El denso debate que nuestro país está viviendo por obra de los recientes casos de corrupción aparecidos en nuestra vida política y económica anda mereciendo serias reflexiones que, a mi entender, se ciñen a la conexión entre el fenómeno de la corrupción y el terreno jurídico, la responsabilidad de un partido-Gobierno o, incluso, algunas peligrosas conexiones con el mismo régimen establecido. Con el régimen democrático. Pero poco se ha dicho sobre lo que nos parece el núcleo fundamental del problema. Los indiscutibles lazos que unen la corrupción con los rasgos de la actual sociedad española. Ahí, mucho más que en ningún otro lugar, radica lo complejo y, a la vez, lo grave del asunto.En el Libro VII de la Política, cuando Aristóteles analiza las medidas necesarias para asegurar la permanencia de los regímenes políticos, destaca la máxima importancia de "la educación de acuerdo con el régimen, que ahora todos descuidan". Y añade el estagirita: "Porque de nada sirven las leyes más útiles, aun ratificadas unánimemente por todo el cuerpo civil, si los ciudadanos no son entrenados y educados en el régimen, democráticamente si la legislación es democrática, y oligárquicamente si es oligárgica". Pese a la conocida relatividad aristotélica sobre las formas de gobierno, estas palabras apuntan a algo que "todos parecen olvidar". Para que se pueda hablar de una democracia y, sobre todo, de una democracia estable, Consolidada y con visos de perdurabilidad, tiene que existir, sobre todo, una sociedad democrática.
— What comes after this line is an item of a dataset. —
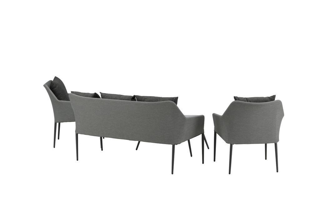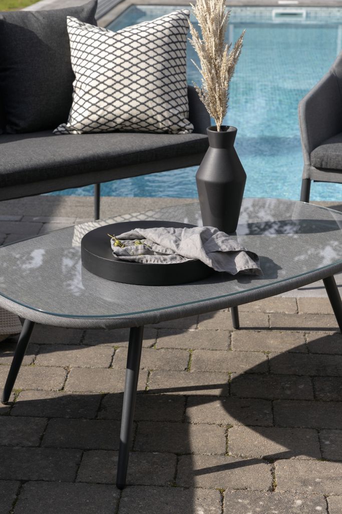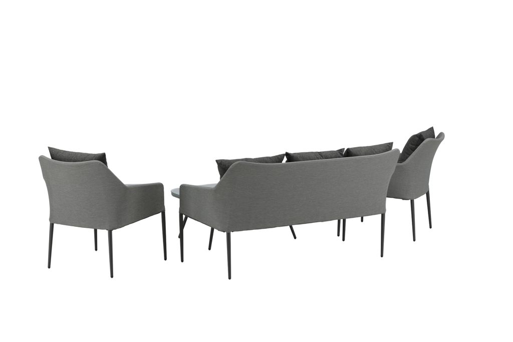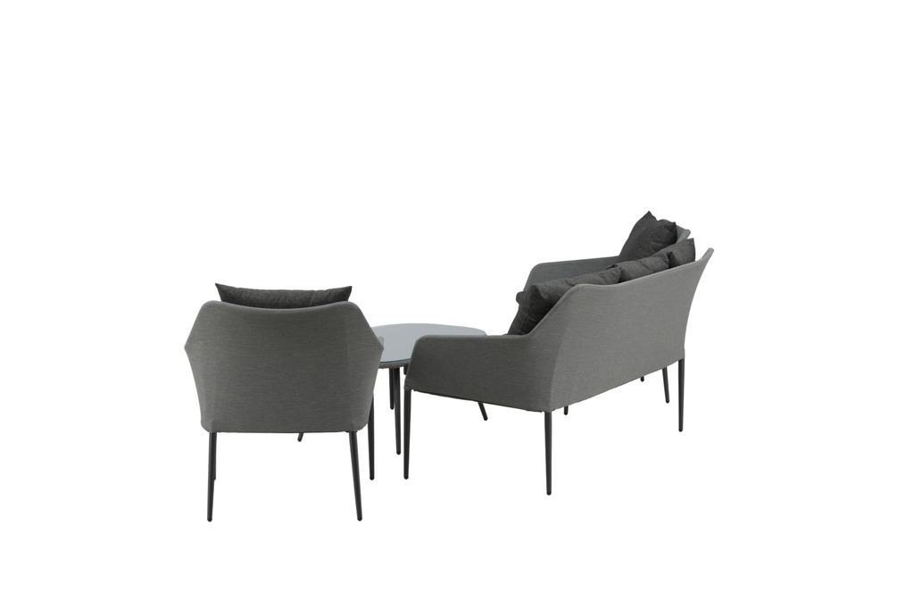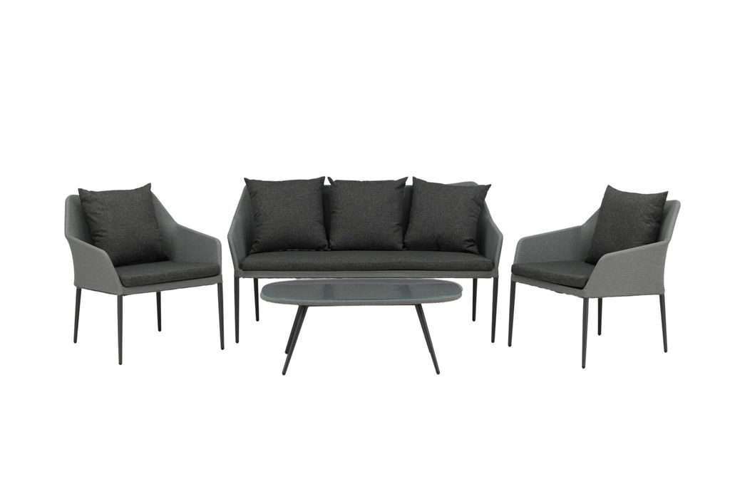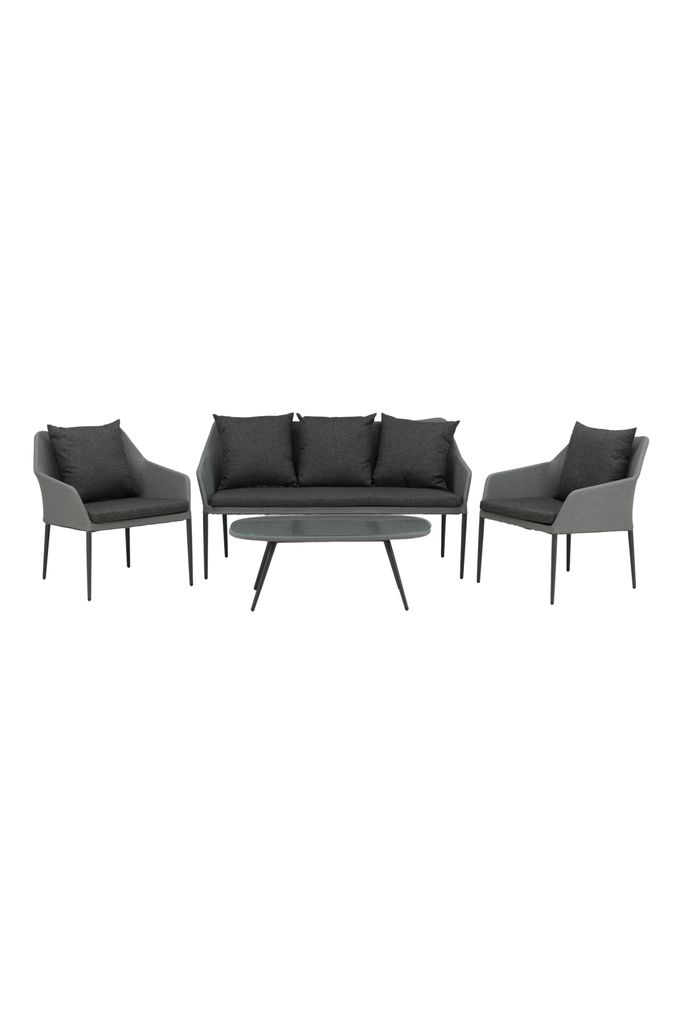 Spoga är en modern loungegrupp med inriktning på komfort – den passar perfekt på uteplatsen eller altanen. Möbelgruppen består av en tvåsitssoffa och två karmfåtöljer. Inkluderat i gruppen är också svarta mjuka dynor samt ett ovalt lågt soffbord med en bordsskiva i klarglas som skapar en exklusiv helhet. Njut av bekväma sommarkvällar i en trivsam soffgrupp!

Todo un axioma para gobernantes y gobernados. Algo que no aparece en los textos constitucionales, pero de lo que, por paradoja, acaba dependiendo la misma vigencia de cualquier constitución.

En la moderna ciencia política, esta empresa se ha dado en llamar socialización política. Sin ella, de poco valen los entramados jurídicos de la naturaleza que fueren. Y uno de los ingredientes básicos de una sociedad democrática es la existencia de una cultura cívica, sobre cuyo contenido también ha corrido abundante tinta desde la conocida obra con dicho título de Almond y Verba.

Ahí está nuestro punto de partida. Para quien cree que ninguna empresa política tiene valor superior al de la vida humana, acaso sea posible afirmar que en nuestro país fuimos capaces de hacer una buena transición, pero nos ha quedado poca fuerza para hacer también una buena democracia. Tuvimos el gran acuerdo de transitar del autoritarismo a la democracia sin trauma, sin revanchismo, sin sangre. Surgió un texto constitucional de consenso que ahí sigue. Y un entramado de instituciones, reglas de juego y hasta una nueva estructuración del Estado que siguen caminando como pueden. Me jor o peor.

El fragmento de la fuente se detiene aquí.